Press clippings

Preview - Dad's Army: The Love of Three Oranges

People often complain of there being too many repeats, especially over Christmas. However, the old favourites feel as much as a tradition now as the Queen's Christmas Message, naff cracker jokes and rows over the afternoon game of Monopoly.

Ian Wolf, On The Box, 27th December 2016

Radio Times review

A popular 1970 episode. The captain's doughty dependables rally round when the ARP wardens challenge the platoon to a game of cricket. Jones offers to keep wicket, Walker the spiv provides reconditioned balls and even Frazer will have a go "if someone will explain the principle of the thing".

There's plenty of cheating (demon bowler Fred Trueman plays a ringer), some epic excuse-making from a shown-up Mainwaring, and a rousing last-ditch effort from an unlikely source. A greater role than usual, too, for the late Bill Pertwee, who selflessly played chief hate-figure Hodges for nine years.

Mark Braxton, Radio Times, 12th January 2016

Radio Times review

The first episode of the 1970s is a jovial knockabout in which the platoon prepares for a parade of all civil defence units. In one of those lovely, evocative scenes in the local cinema, a Gaumont newsreel gives Mainwaring the idea for a regimental mascot. And Pike is piqued by having to leave early ("I haven't seen the Donald Duck yet").

Some ram-chasing antics enable the cast to give little thumbnail sketches of their characters: timid Godfrey, furtive Frazer and mellow Wilson lying back in the buttercups.

There's a nice variation on Jones's catchphrase ("Permission to stop panicking, sir") and some enthusiastic gurning from Bill Pertwee as Hodges. At one point the warden is so thoroughly upstaged that even Mainwaring is forced to laugh, and the Home Guard/ARP rivalry reaches a ludicrously funny conclusion.

Mark Braxton, Radio Times, 27th October 2015

Dad's Army: Here today, gone tomorrow

Bill Pertwee, who died recently, always cited Dad's Army as his best work. He knew it would endure, he said. And how it has. Always voted in the top two or three of the nation's favourite shows, endlessly repeated, a DVD best-seller.

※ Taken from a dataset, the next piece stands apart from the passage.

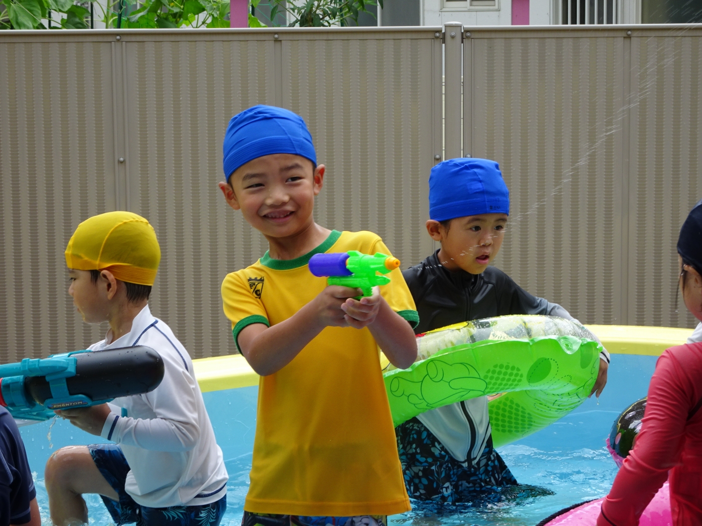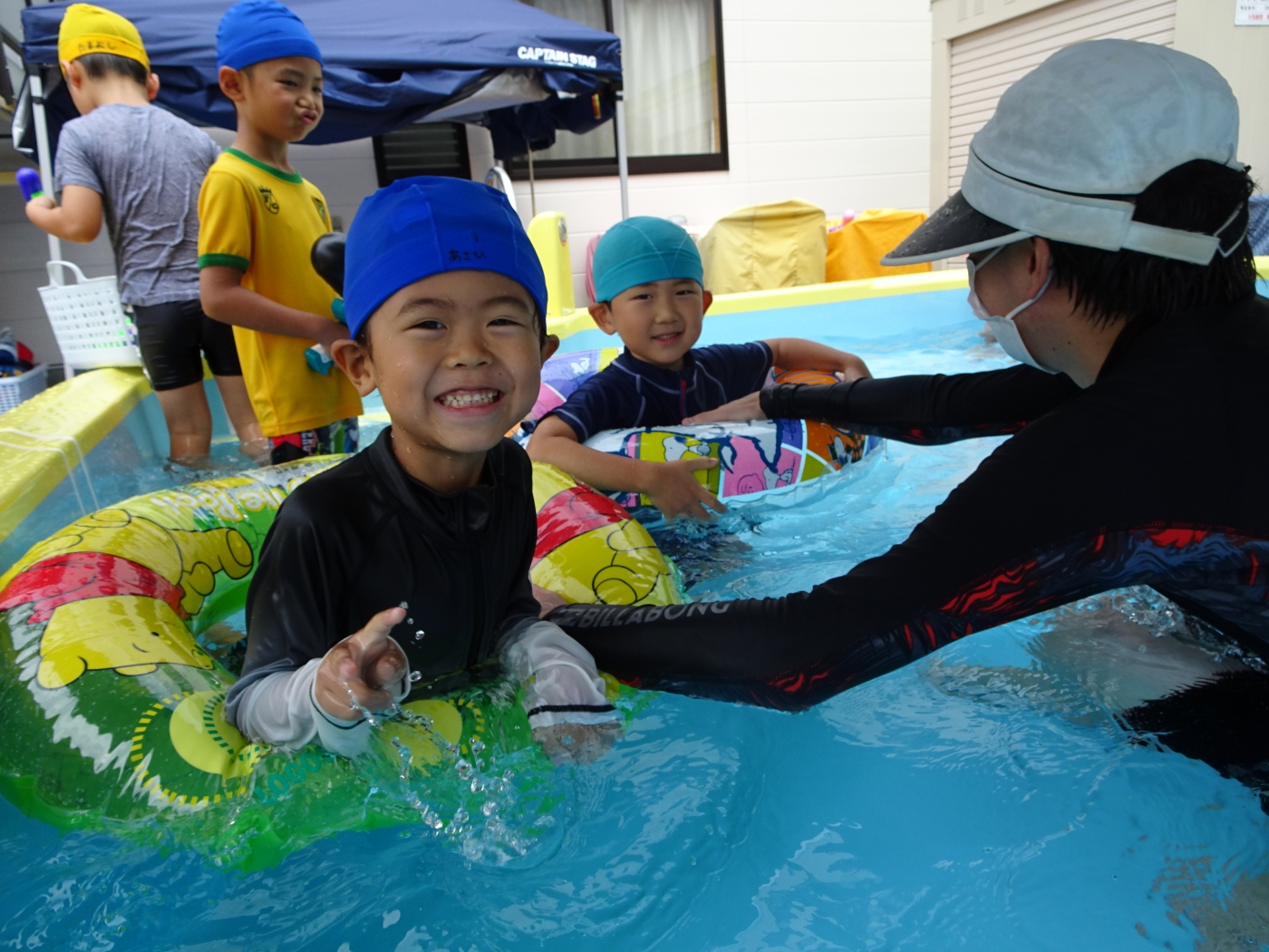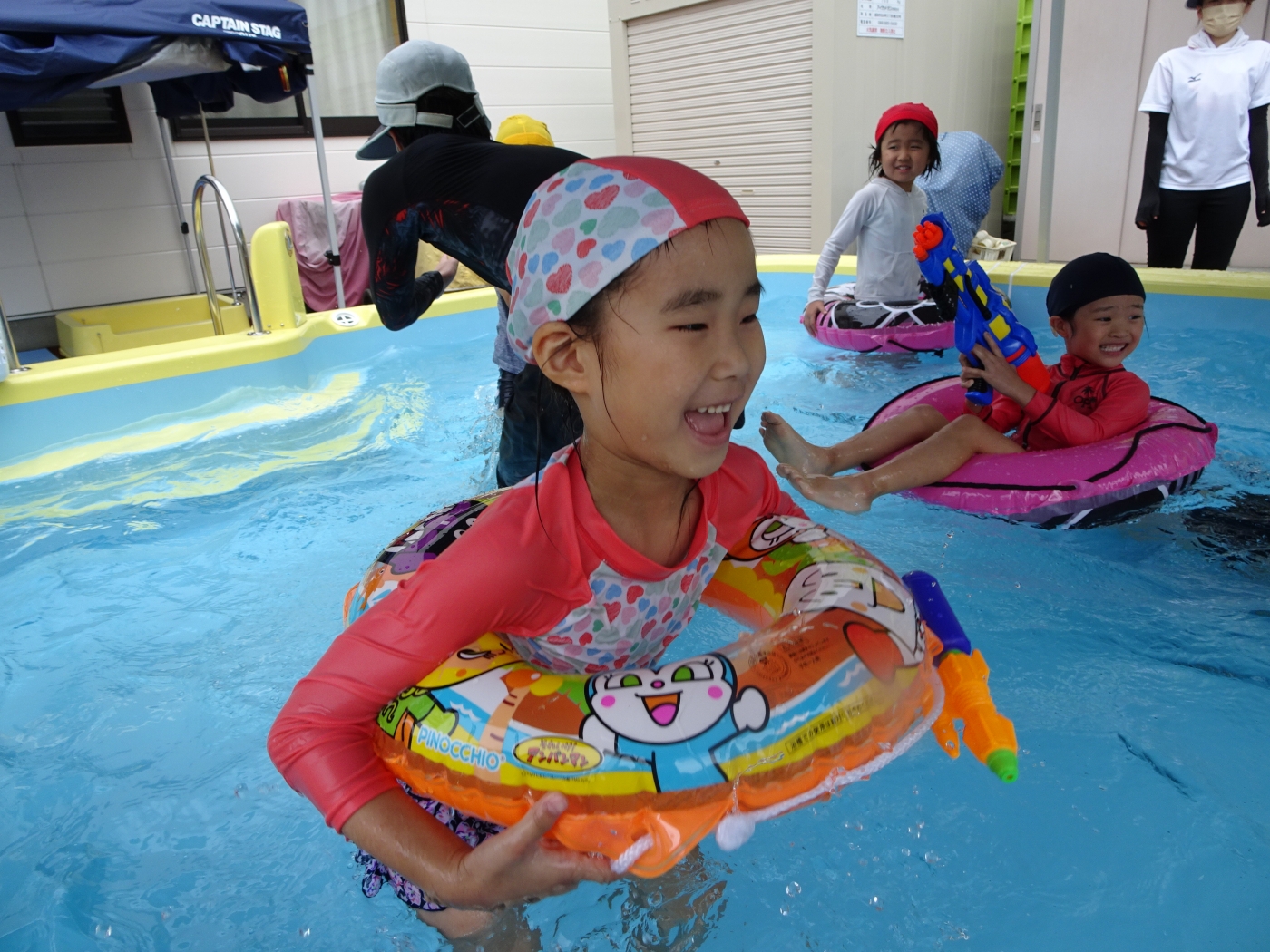 保護者の皆さまへ にじいろブログ お楽しみ保育☆プール遊び☆ 2021.07.17 雨が心配されましたが無事プール遊びができました!グループごとに分かれて、普段使わない浮き輪や水鉄砲を使って思う存分楽しみました! . ブログ一覧へ戻る

James Ruddick, The Huffington Post, 28th May 2013

Want to get old? Buy a typewriter or hide away

I guess the longevity of comedy writers and of Bill Pertwee suggests that if you want to live to a ripe old age don't be a star.

Bruce Dessau, Beyond The Joke, 27th May 2013

Dad's Army star Bill Pertwee dies aged 86

Bill Pertwee, best known as ARP Warden Hodges in Dad's Army, has died at the age of 86.

British Comedy Guide, 27th May 2013

Nostalgia at the End of the Pier

Yes, I think we all felt this was the last - the end of the raod for Dad's Army," says Bill Pertwee of It Sticks Out Half a Mile, the radio sequel to TV's enduring Home Guard comedy success. The series - which begins a repeat run on Tuesday and includes a bonus of four previously unheard episodes - was recorded early last year (1983) abd was to be the last ever completed by John Le Mesurier.

Bill - who of course, played that dirty-fingernailed greengrocer and one-time Air Raid Warden Bert Hodges - believes the whole cast knew that it would probably was the last time they would all work together, though such feelings went unspoken. "The series had originally been mainly written around Arthur Lowe and John, and when Arthur died it had to be re-jigged. John had not been well, though he was feeling better when we recorded the series, but I think we all realised that we'd had a great run - the programmes started on TV in 1968 - and we were coming to the end of it. We'd lost so many of the original cast- Arhtur, John, Laurie, Arnold Ridley, Edward Sinclair, James Beck and a few months later, John was dead too."

I asked Bill to assess the show's enduring appeal. "When it started there was a lot fo kitchen sink drama around and people were pleased to sit back and laugh at this rather gentle company of people," he says, "The younger viewers enjoyed the Mack Sennet routines - the chases and so on - while the older viewers found it extremely nostalgic."

Bill himself had come from a variety background, including playing at the Windmill, and has recently returned to farce with two big hits for the Theatre of Comedy Company in London. "The rest of the Dad's Army cast were all actors, really, so I'd never worked with any of them beofre. We were all terribly different but there was a tremendous camaraderie between us. It was very hard work, but we had wonderfully happy times. You can't help but be sad when you look back now, can you?"